See also, Engels discussion of Hegel in _Ludwig Feuerbach and the End of Classical 
German Philosophy_.

(((((((((((


 Practical activity of both labor and 'nature', the
concern with the mundane, the ever changing--all this was recognized by
Marx and Darwin in their respective domains. Hegel consigned the real world
to the invariant and thus never could  recognize  entwicklung as real and
objective evolution.

((((((((((

Charles: Yes I see what you are saying , and it reminds me of a connotation of what 
"REAL change" which I don't usually use.   I usually think of "real change"in 
opposition to "circular change".  "Circular change" is "the more things change, the 
more they stay the same", equilibrated change ( exactly as in economics or 
anthropological equilibrium theory, and Stephen Jay Gould's punctuated equilibrium 
sense).  "Real change" means QUALITATIVELY new development, a revolution,  etc. This 
concept is in Hegel (philosophically, though you point out he didn't apply it in 
biology)

( By the way, Darwin is only "2/3" correct on this. He discusses real change in your 
sense of material, and real change in the sense that totally new forms develop out of 
old forms, but he doesn't recognize that in the latter gradual change becomes leaping 
change. Gould adds the leaps with the punctuations.
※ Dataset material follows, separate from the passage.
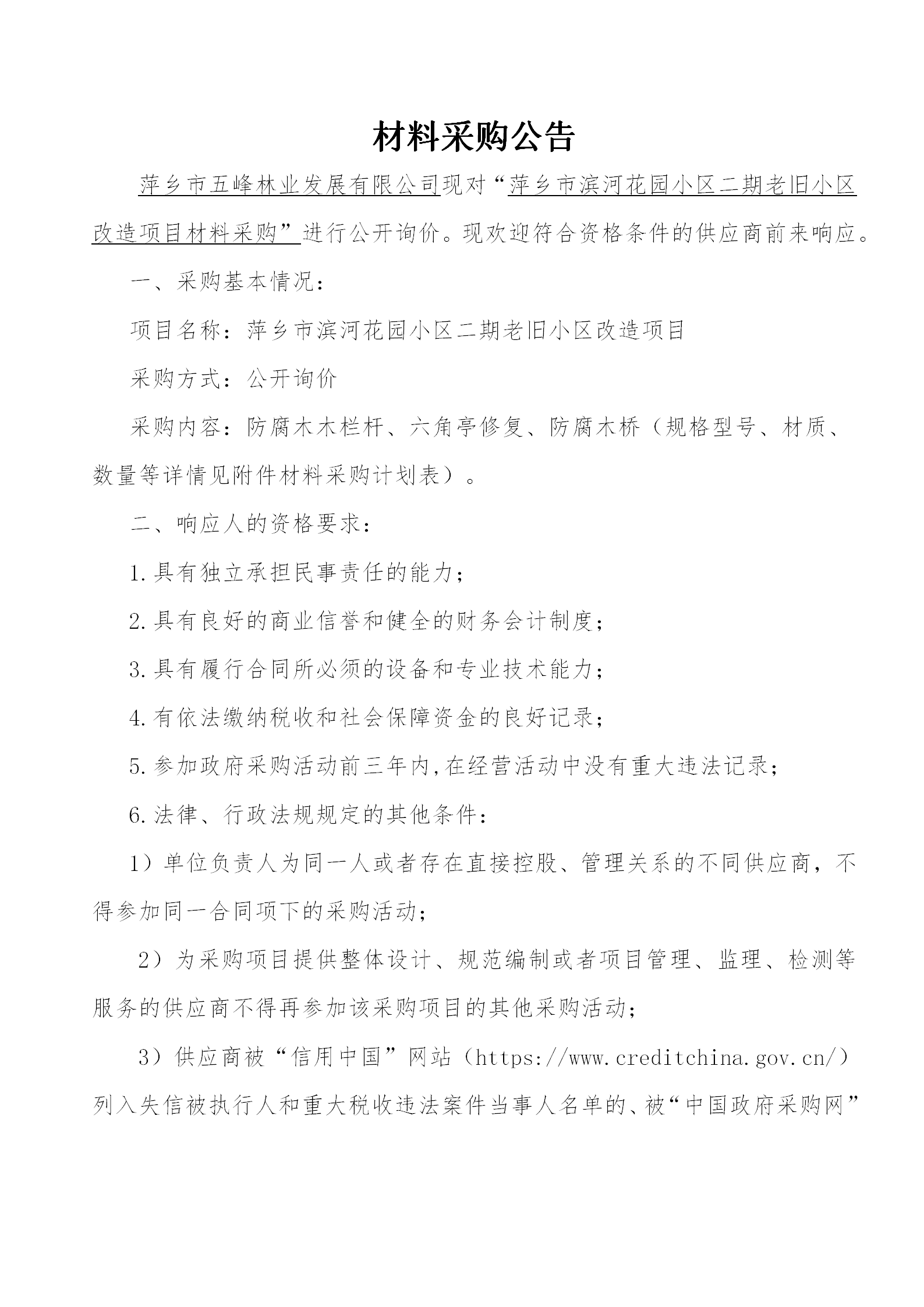 萍鄉(xiāng)市五峰林業(yè)發(fā)展有限公司現(xiàn)對(duì)“萍鄉(xiāng)市湘東區(qū)新棚里小區(qū)老舊小區(qū)改造項(xiàng)目材料采購進(jìn)行公開詢價(jià)。現(xiàn)歡迎符合資格條件的供應(yīng)商前來響應(yīng)。

Gould and associate  render Darwin 
fully dialectical in the Hegelian sense on this issue)

You are using "real change" to refer to material change as opposed to ideal change or 
change in thought. Hegel is wrong on this aspect.
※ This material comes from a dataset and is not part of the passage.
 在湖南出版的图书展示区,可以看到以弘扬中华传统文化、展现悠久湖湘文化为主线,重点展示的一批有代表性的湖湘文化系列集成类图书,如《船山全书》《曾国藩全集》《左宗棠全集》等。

Marx takes the first sense of "real change" in the Hegelian manner. Society does not 
remain the same forever with all change circular, as the propaganda of all ruling 
classes from slaver owners to capitalists have put out in order to discourage 
oppressed and exploited classes from making real, radical change in society. 

The second sense of "real change" ,I agree with you, Marx advances, with Engels, 
beyond Hegel into MATERIALIST dialectic. This is what he means when he says his 
dialectic is the exact opposite of Hegel's ( in the first quote above).

(((((((((((((((


Not surprisingly, Marx criticized Prodhoun in 1846: having accepted Hegel,
he is "incapable of following the real movement of history..The
'evolutions' of which Prodhoun speaks are understood to be evolutions such
as are accomplished within the mystic womb of the Absolute Idea."

((((((((((

Charles: Yes, _The Poverty of Philosophy_. Prodhoun had a cardboard dialectic. But for 
Marx, Hegel was not a dead dog even in 1867 when he was "mature".